• Task goal: Select the lines below containing the word "during".

--- Source information ---

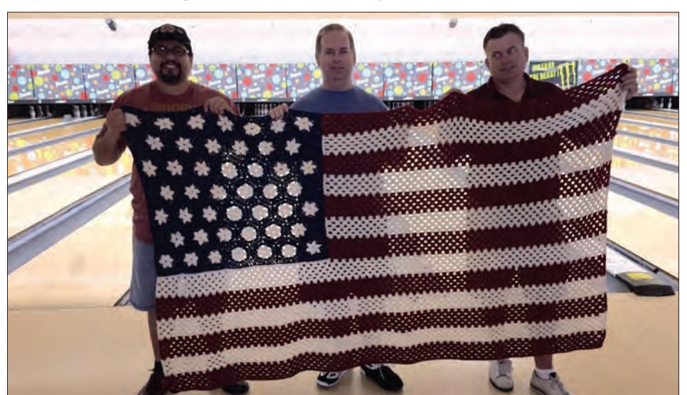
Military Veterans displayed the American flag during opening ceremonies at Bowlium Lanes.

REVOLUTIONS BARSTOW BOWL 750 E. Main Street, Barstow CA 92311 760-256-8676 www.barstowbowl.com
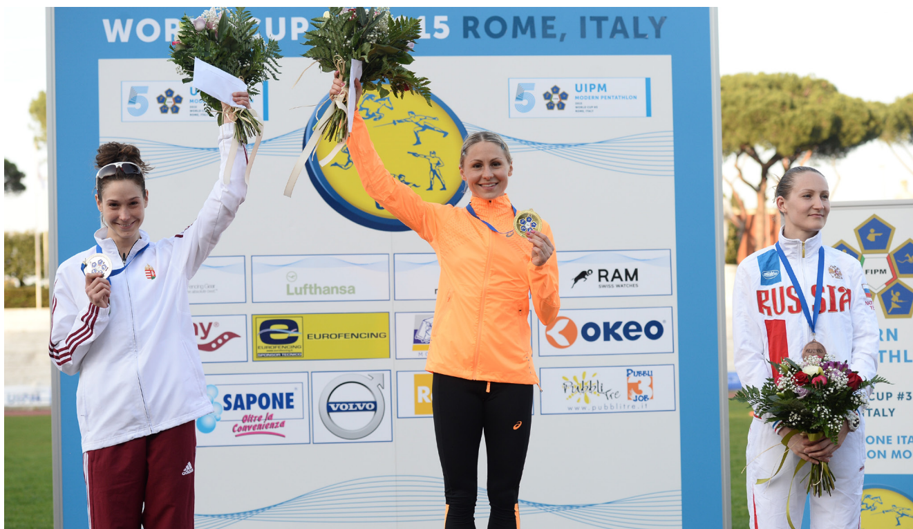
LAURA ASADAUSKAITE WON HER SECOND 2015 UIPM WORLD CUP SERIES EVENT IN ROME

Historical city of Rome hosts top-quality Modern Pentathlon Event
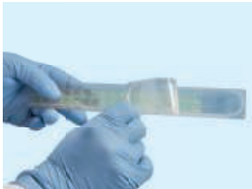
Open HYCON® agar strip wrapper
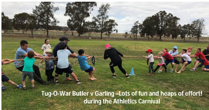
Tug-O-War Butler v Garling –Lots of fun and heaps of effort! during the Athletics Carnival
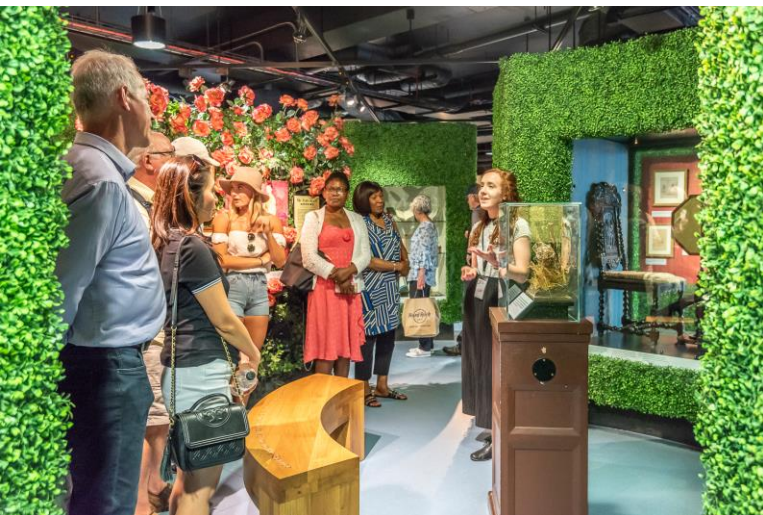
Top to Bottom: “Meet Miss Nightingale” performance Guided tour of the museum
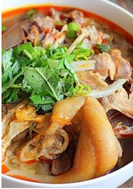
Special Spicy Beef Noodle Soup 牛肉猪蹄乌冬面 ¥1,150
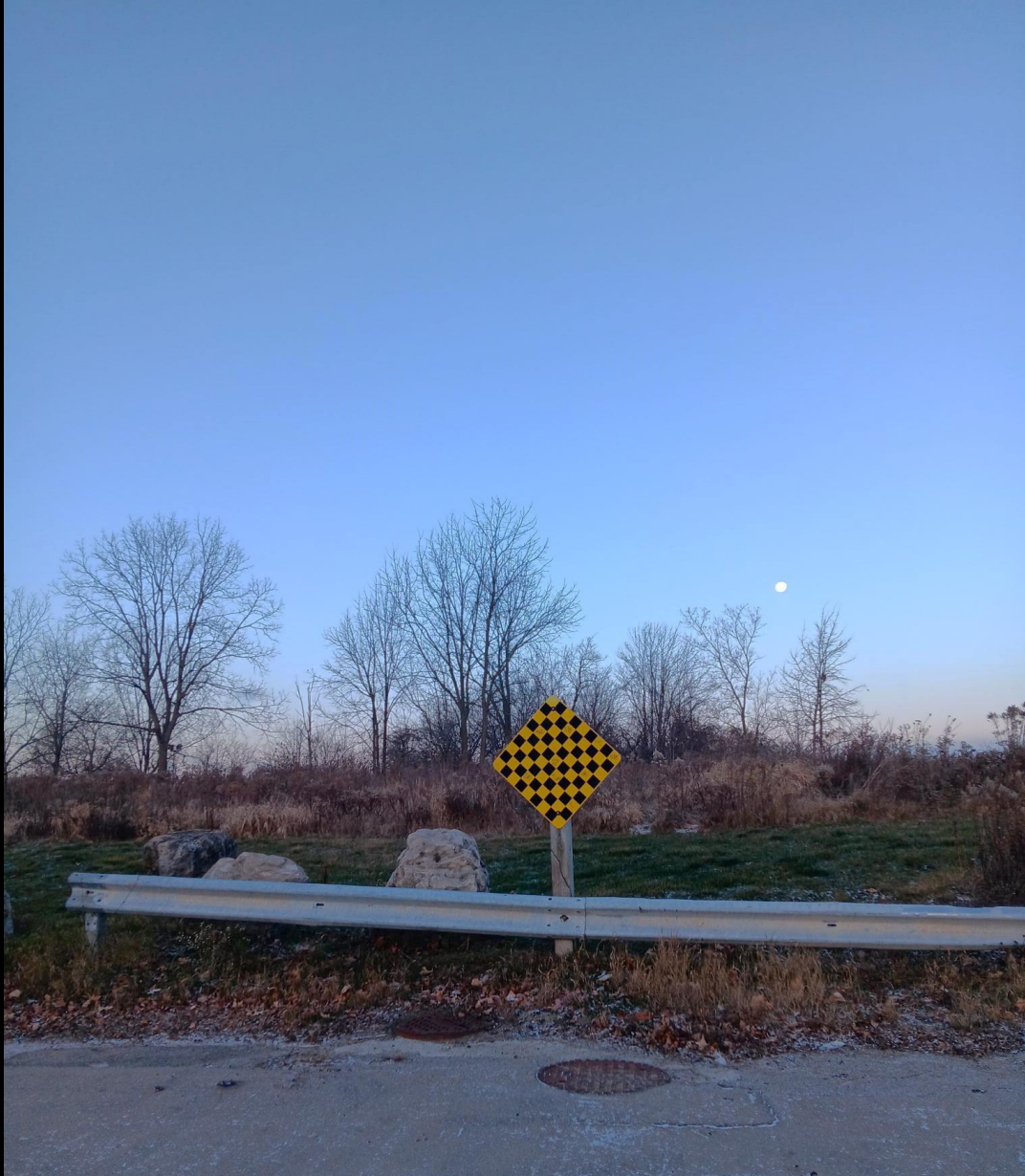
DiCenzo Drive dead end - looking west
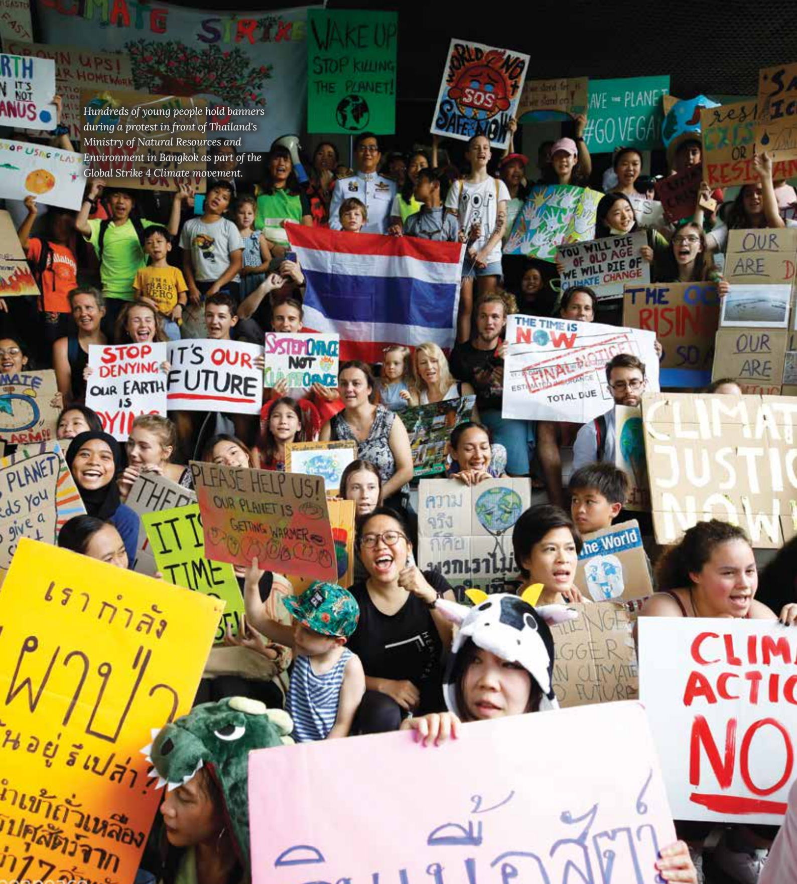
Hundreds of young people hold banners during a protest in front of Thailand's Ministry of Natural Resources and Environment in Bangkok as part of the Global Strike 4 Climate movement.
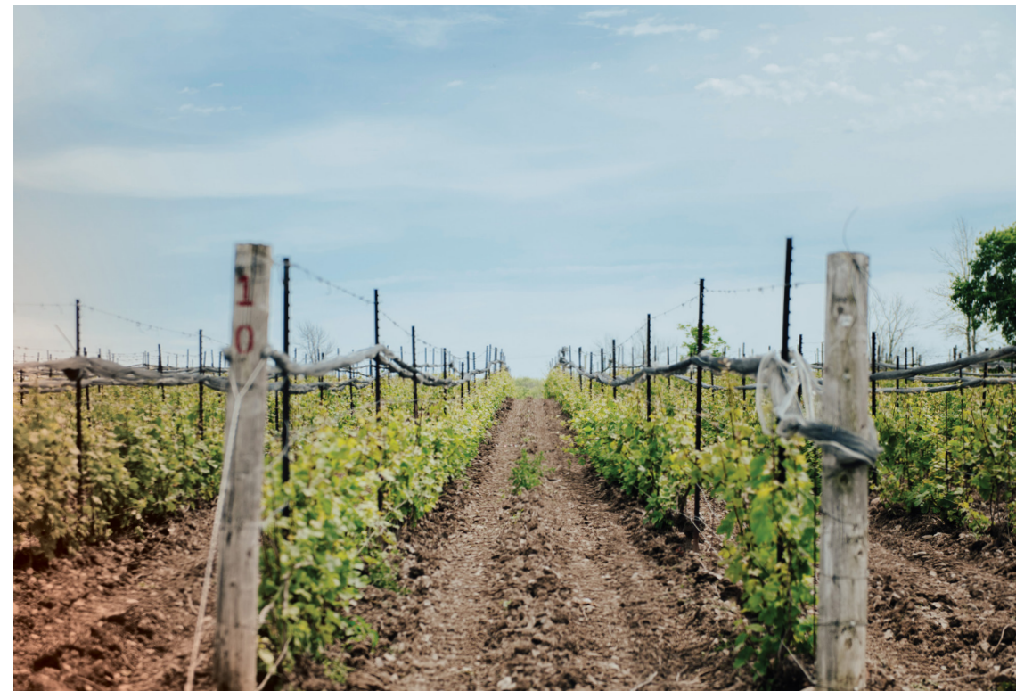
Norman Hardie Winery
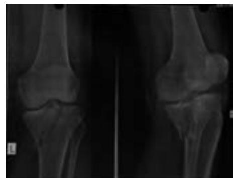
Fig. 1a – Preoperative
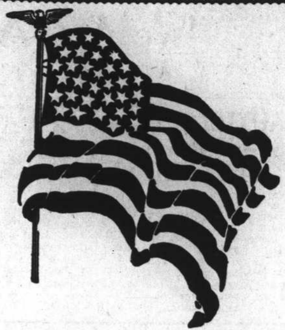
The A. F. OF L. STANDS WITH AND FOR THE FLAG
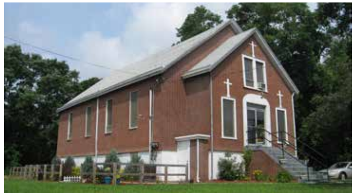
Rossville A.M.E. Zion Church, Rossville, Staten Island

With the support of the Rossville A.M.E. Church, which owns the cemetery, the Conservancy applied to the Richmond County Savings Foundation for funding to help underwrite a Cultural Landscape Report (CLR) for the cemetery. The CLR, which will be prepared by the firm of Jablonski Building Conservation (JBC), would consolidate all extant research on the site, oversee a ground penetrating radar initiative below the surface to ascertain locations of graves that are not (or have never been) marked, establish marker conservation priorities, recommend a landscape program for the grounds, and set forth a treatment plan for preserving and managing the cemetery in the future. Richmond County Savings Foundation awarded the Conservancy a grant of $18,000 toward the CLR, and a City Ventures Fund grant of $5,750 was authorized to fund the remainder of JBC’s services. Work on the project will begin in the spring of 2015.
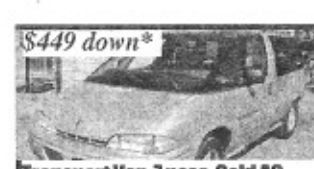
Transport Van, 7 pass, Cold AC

---

• Output for this task:
Military Veterans displayed the American flag during opening ceremonies at Bowlium Lanes.
Tug-O-War Butler v Garling –Lots of fun and heaps of effort! during the Athletics Carnival
Hundreds of young people hold banners during a protest in front of Thailand's Ministry of Natural Resources and Environment in Bangkok as part of the Global Strike 4 Climate movement.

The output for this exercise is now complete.